Increased Awareness Will Improve Brain-Injury Treatment, Officials Say

By Sgt. Sara WoodMarch 5, 2007

Increased Awareness Will Improve Brain-Injury Treatment
Soldiers from 5th Squadron, 73rd Cavalry Regiment, 3rd Brigade Combat Team, 82nd Airborne Division, search for insurgents in the Tawillah region of Iraq. Soldiers like these who are fighting the war on terror are every day exposed to hazards that cou... (Photo Credit: U.S. Army) VIEW ORIGINAL

WASHINGTON (Army News Service, March 6, 2007) - Traumatic brain injury, the signature wound of a conflict punctuated by daily bomb attacks on coalition forces and Iraqi civilians, is receiving increased emphasis from Defense Department leaders and the military medical community.

DoD has made great strides in treating severe traumatic brain injuries - those with obvious symptoms like open head trauma or loss of consciousness - but the challenge lies in better identifying and treating mild brain injury, two top officials in the DoD health care community said.

These mild injuries, which can be caused by repeated concussions or indirect exposure to a bomb blast, are hard to diagnose because Soldiers may not recognize their own symptoms, and screening tests can't always capture the full range of possible symptoms.

Treatment of traumatic brain injury is an emerging field, because the use of improvised explosive devices is greater in this conflict than it has been in any other, said Dr. William Winkenwerder Jr., assistant secretary of defense for health affairs.

In late 2006, DoD implemented a thorough screening process, based on one used for professional athletes, for Soldiers and Marines who suffer head injuries. The post-deployment health assessment all servicemembers must go through also includes questions about mental and psychological symptoms, Winkenwerder said. Even with these processes in place, not all servicemembers who suffer from mild traumatic brain injury are identified, he acknowledged.

"Everyone's antenna are raised at this point about the need to look for the subtle cases - those who might not have been right immediately in a blast zone, but could have been near, or that they might have experienced this kind of event two or three times," Winkenwerder said. "In those cases, they need to be looked at very carefully."

Many cases of mild traumatic brain injury don't get reported because servicemembers don't recognize the symptoms or are too embarrassed to admit to problems with memory or other mental functions, said Navy Vice Adm. Donald C. Arthur, surgeon general of the Navy.

Arthur said he himself suffered a traumatic brain injury a year and a half ago and was initially embarrassed to talk about the problems he was having as a result. After he underwent basic cognitive tests, he said, medical personnel thought he was fine because they didn't have a baseline of his mental functioning before his injury to compare.

DoD needs to develop tests that will measure servicemembers' cognitive functions to establish a baseline for comparison when injuries occur, Arthur said. DoD also is refining its screening processes to better identify mild symptoms that are hard to spot, he said, but awareness needs to be increased to help Soldiers recognize their own problems.

"We will try to identify all of them that we can using objective tests," he said. "But we need to be very open to servicemembers coming to us telling us that they perceive that they have an issue and treating them as if we had diagnosed them, because they may be more sensitive in their knowledge of themselves than we could be with objective tests."

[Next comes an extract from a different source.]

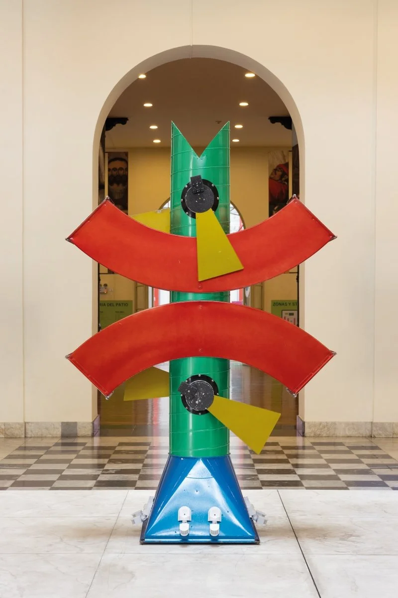 Gran Guacamayo Precolombino is a techno-zoomorphic sculpture made of industrial materials and recycled technology- four monitors, four Commodore AMIGA computers, motion sensors, and metallic ventilation tubes. Inspired by forms and primary colors (green, yellow, red, and blue) predominant in Amerindian cultures and objects, Mariotti created an almost 10 feet tall mechanical bird.
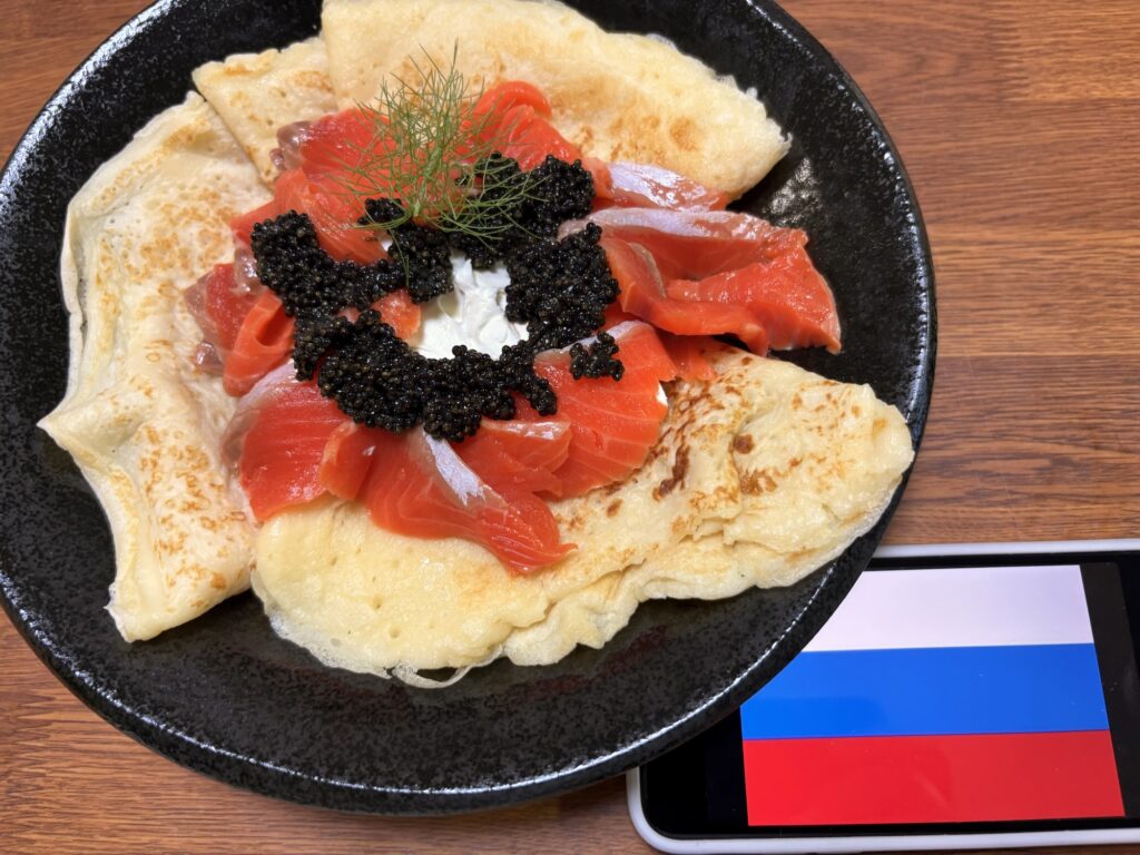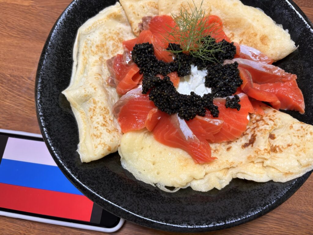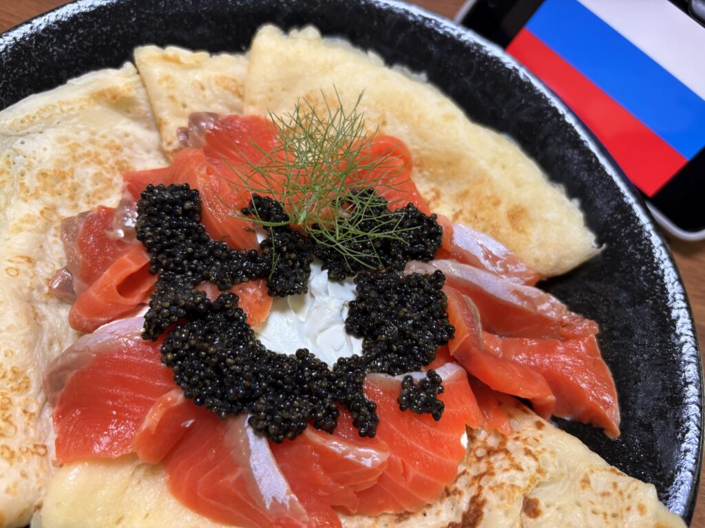 サワークリーム、サーモン、キャビアを乗せて完成。

Another thing that can complicate the diagnosis of traumatic brain injuries is the residual effect of injuries that occurred at the same time as the brain trauma or medication that servicemembers may be taking, Arthur said. Post-traumatic stress disorder also can affect mental functioning and may be confused for traumatic brain injury, he said.

"It's important for us to go back and look at what are the components of the brain injury that are left, after the medications, after the combat stress and after the other injuries are cared for," he said.

Recent increased attention on traumatic brain injury is positive, Winkenwerder said, because it teaches servicemembers, commanders and medical personnel that subtle brain trauma is something that needs to be taken seriously and treated. DoD, in partnership with the Department of Veterans Affairs, is a leader in traumatic brain injury research, spending about $14 million so far in the area, he said. DoD is looking at enhancing that research effort in hopes of learning as much as possible quickly and applying that knowledge in the field, he said.

"We're never satisfied," he said. "We do not believe at any one point in time that we've reached the best. It's a continual striving, and as we learn and deal with new situations, new circumstances, ... it's our obligation to respond and to learn and to get better."

(Sgt. Sara Wood writes for the American Forces Press Service.)